Toxicology: Preclinical safety data: Non-clinical data reveal no special hazards for humans based on conventional studies of safety pharmacology, acute toxicity, repeated dose toxicity, and toxicity to reproduction. In 3 months studies, evidence of liver toxicity, including elevated enzymes and morphologic alterations, was observed in both rats and monkeys at doses 4 to 6-fold higher than the anticipated clinical therapeutic exposure. In vitro and in vivo genotoxicity studies with anidulafungin provided no evidence of genotoxic potential. Long-term studies in animals have not been conducted to evaluate the carcinogenic potential of anidulafungin.
Administration of anidulafungin to rats did not indicate any effects on reproduction, including male and female fertility.

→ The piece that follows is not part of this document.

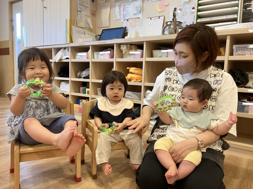 鈴を使う時には「お歌が始まるまでお胸の前で持って、鳴らさないようにお願いします」と教えてもらうと、ギュッと優しくお胸の前で楽器を持ちながら待っていたさくら組さん!😲✨
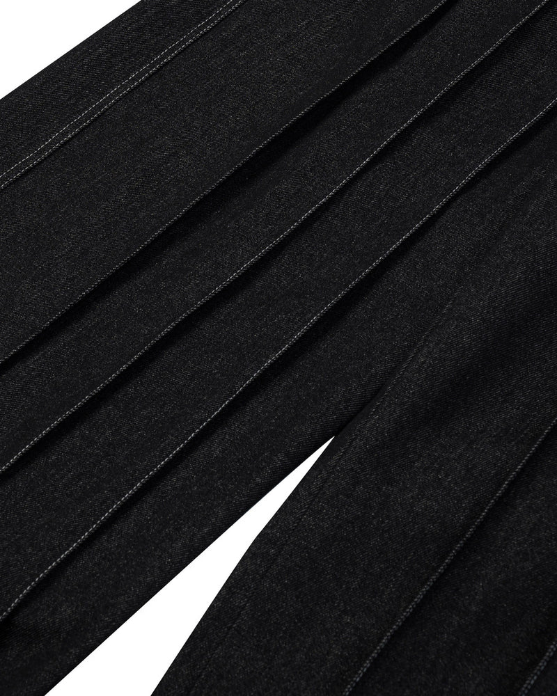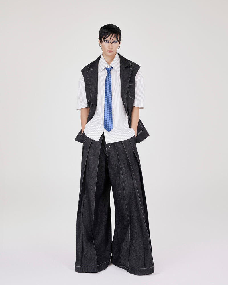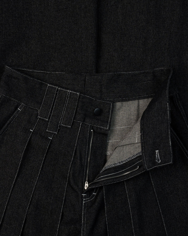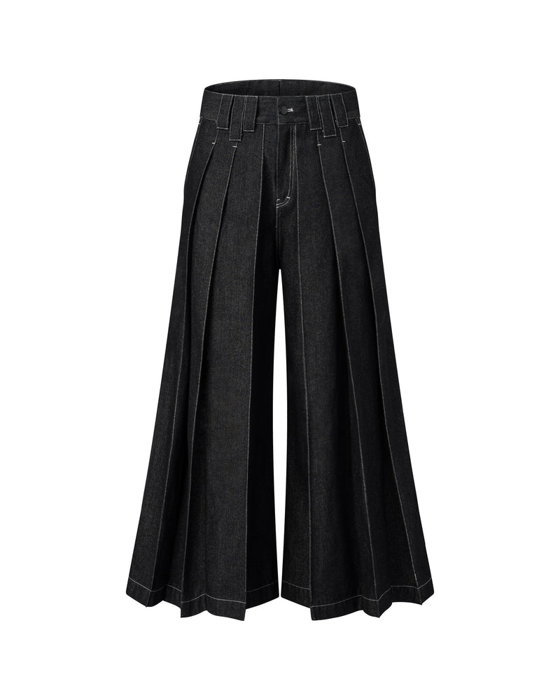 - These wide-leg denim pants feature handcrafted, symmetrical pleats on both sides, with prominent topstitching running down the length of the legs.

Anidulafungin crossed the placental barrier in rats and was detected in fetal plasma. The potential risk to the human fetus is unknown.
Anidulafungin was found in the milk of lactating rats. It is not known whether anidulafungin is excreted in human milk.
Anidulafungin did not produce any drug-related development toxicity in rats at the highest dose of 20 mg/kg/day, a dose equivalent to 2 times the proposed therapeutic maintenance dose of 100 mg on the basis of relative body surface area. Developmental effects observed in rabbits (slightly reduced fetal weights) occurred in the high dose group, a dose that also produced maternal toxicity.